What is needed. Print every line below exactly as written, but leave the pictures behind.

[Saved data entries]
◇ ◇ ◇ ◇
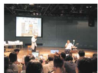
H19年7月、子ども学連続講座より

■お問い合わせ 九州大学ユーザーサイエンス機構子どもプロジェクト TEL092-642-7264
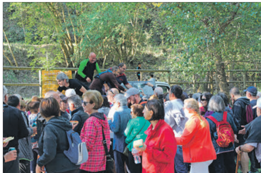
Els assistents van degustar un esmorzar de coques.
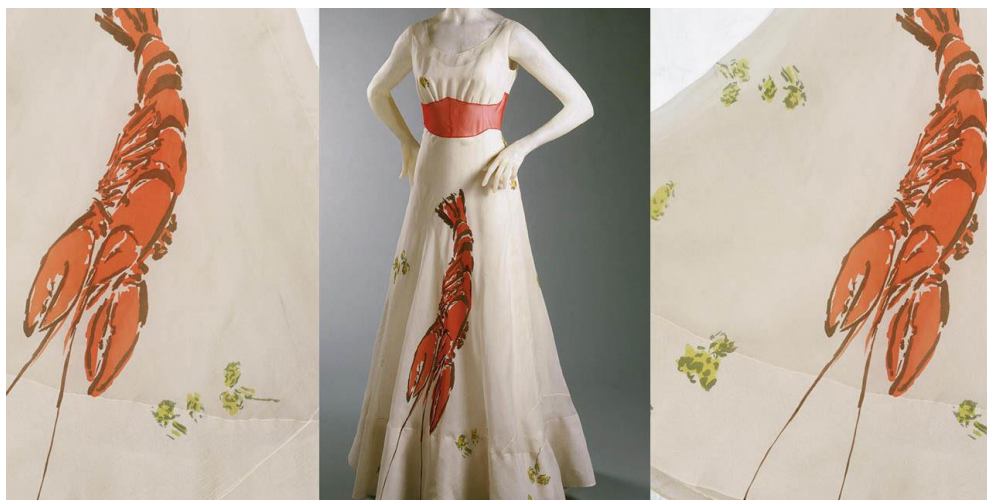
5. Elsa Schiaparelli i Salvador Dali, Haljina s jastogom, 1937.

Njihova najpoznatija suradnja je Haljina s jastogom iz 1937. godine. Dali je u par svojih dijela pokazao svoju začudnost i interes za motiv jastozima. U ovom djelu na bijeloj je haljini nacrtao crvenog jastoga.
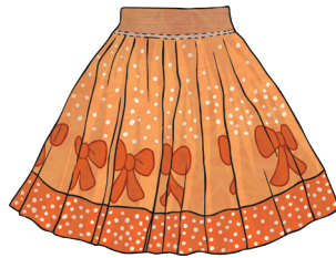
une jupe orange
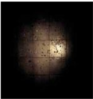
Noa Bellerstein, Glasses, 90x90cm, 2010
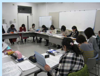
演習に取り組む第1期生
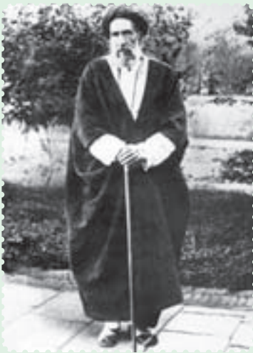
سید حسن مدرس نماینده ادوار مختلف مجلس شورای ملی

اقدام‌های خودسرانه و خشونت‌آمیز رضاخان در دوران تصدی وزارت جنگ، منجر به طرح استیضاح او در مجلس، به رهبری آیت‌الله سید حسن مدرس شد اما رضاخان، با طرح شایعه‌ی استعفای خود و صحنه‌سازی، طرفدارانش را علیه مجلس تحریک کرد و مخالفان را مورد ضرب و شتم و ارباب، قرارداد.
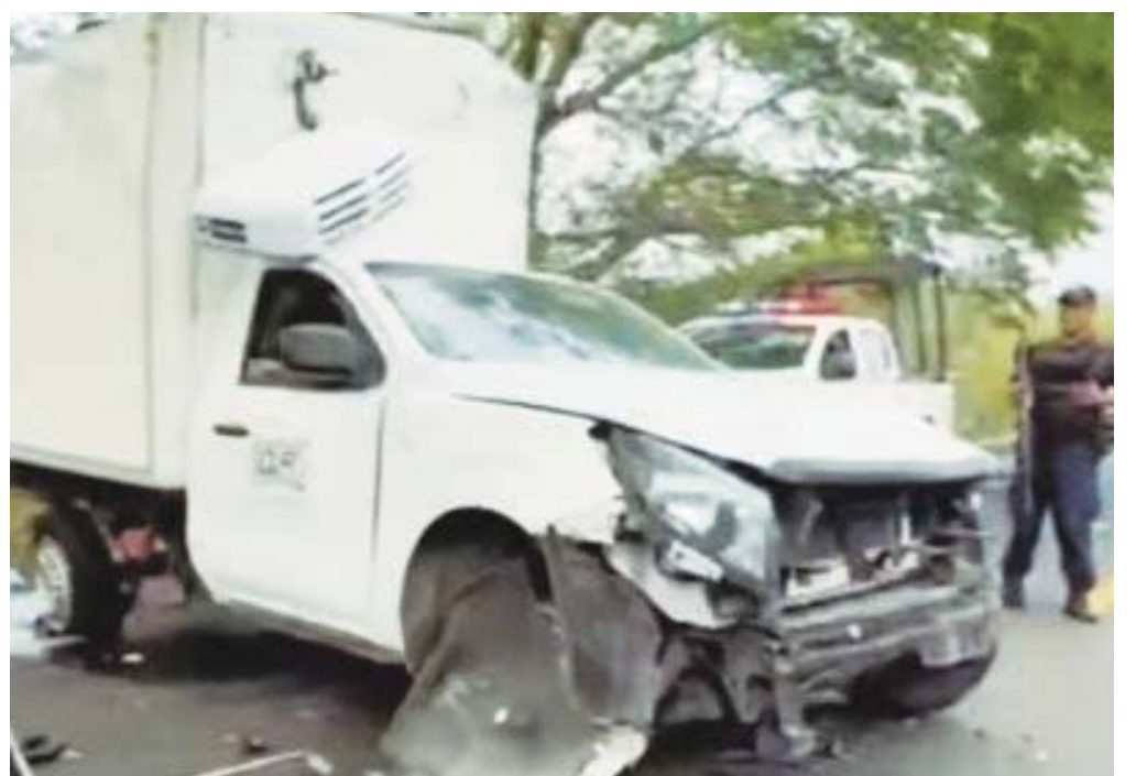
El saldo fue de dos heridos de gravedad y cuantiosos daños materiales.

rápida intervención de los paramédicos del Heroico Cuerpo de Bomberos de Juchitán. Además, elementos de la Policía Vial Municipal y Vial Estatal llegaron al lugar para brindar asistencia a las víctimas. Especialmente a los ocupantes de la camioneta azul, una familia residente en la novena sección, Cheguigo de Juchitán de Zaragoza. Cuyos dos integrantes más afectados fueron trasladados de urgencia a un hospital cercano.
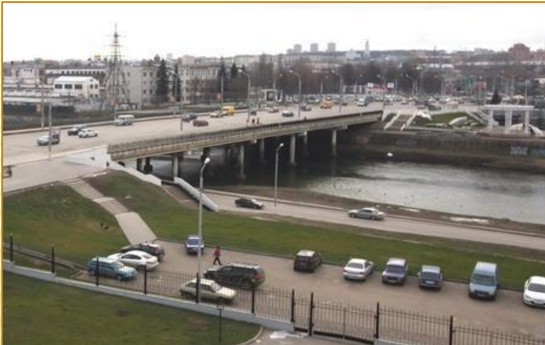
Мост через реку Упу, соединяющий Зареченский район с Советским
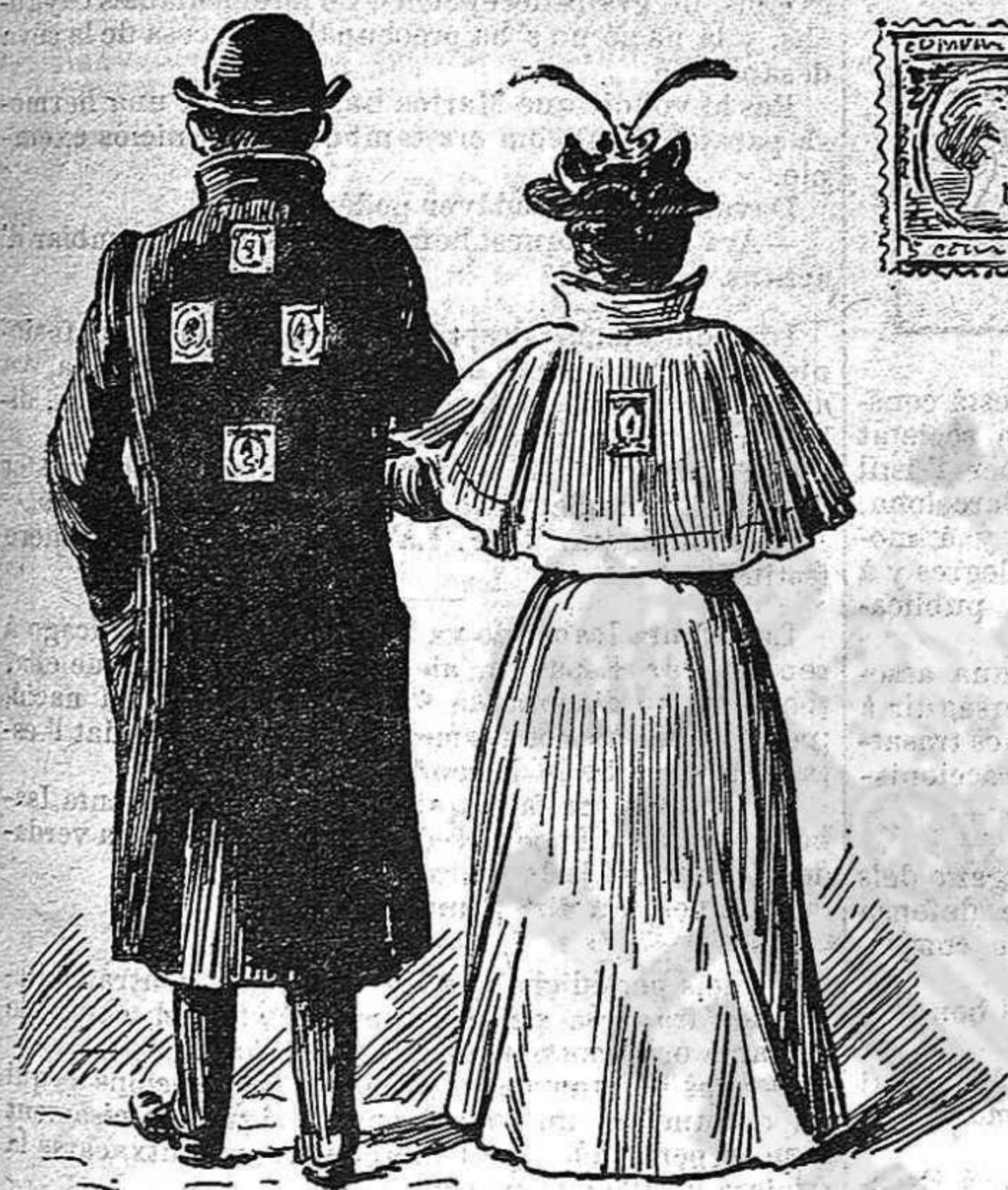
No 's podrà sortir de casa, sense el sello.
◇ ◇ ◇ ◇
Solution to this task.
H19年7月、子ども学連続講座より

■お問い合わせ 九州大学ユーザーサイエンス機構子どもプロジェクト TEL092-642-7264
Els assistents van degustar un esmorzar de coques.
5. Elsa Schiaparelli i Salvador Dali, Haljina s jastogom, 1937.

Njihova najpoznatija suradnja je Haljina s jastogom iz 1937. godine. Dali je u par svojih dijela pokazao svoju začudnost i interes za motiv jastozima. U ovom djelu na bijeloj je haljini nacrtao crvenog jastoga.
une jupe orange
Noa Bellerstein, Glasses, 90x90cm, 2010
演習に取り組む第1期生
سید حسن مدرس نماینده ادوار مختلف مجلس شورای ملی

اقدام‌های خودسرانه و خشونت‌آمیز رضاخان در دوران تصدی وزارت جنگ، منجر به طرح استیضاح او در مجلس، به رهبری آیت‌الله سید حسن مدرس شد اما رضاخان، با طرح شایعه‌ی استعفای خود و صحنه‌سازی، طرفدارانش را علیه مجلس تحریک کرد و مخالفان را مورد ضرب و شتم و ارباب، قرارداد.
El saldo fue de dos heridos de gravedad y cuantiosos daños materiales.

rápida intervención de los paramédicos del Heroico Cuerpo de Bomberos de Juchitán. Además, elementos de la Policía Vial Municipal y Vial Estatal llegaron al lugar para brindar asistencia a las víctimas. Especialmente a los ocupantes de la camioneta azul, una familia residente en la novena sección, Cheguigo de Juchitán de Zaragoza. Cuyos dos integrantes más afectados fueron trasladados de urgencia a un hospital cercano.
Мост через реку Упу, соединяющий Зареченский район с Советским
No 's podrà sortir de casa, sense el sello.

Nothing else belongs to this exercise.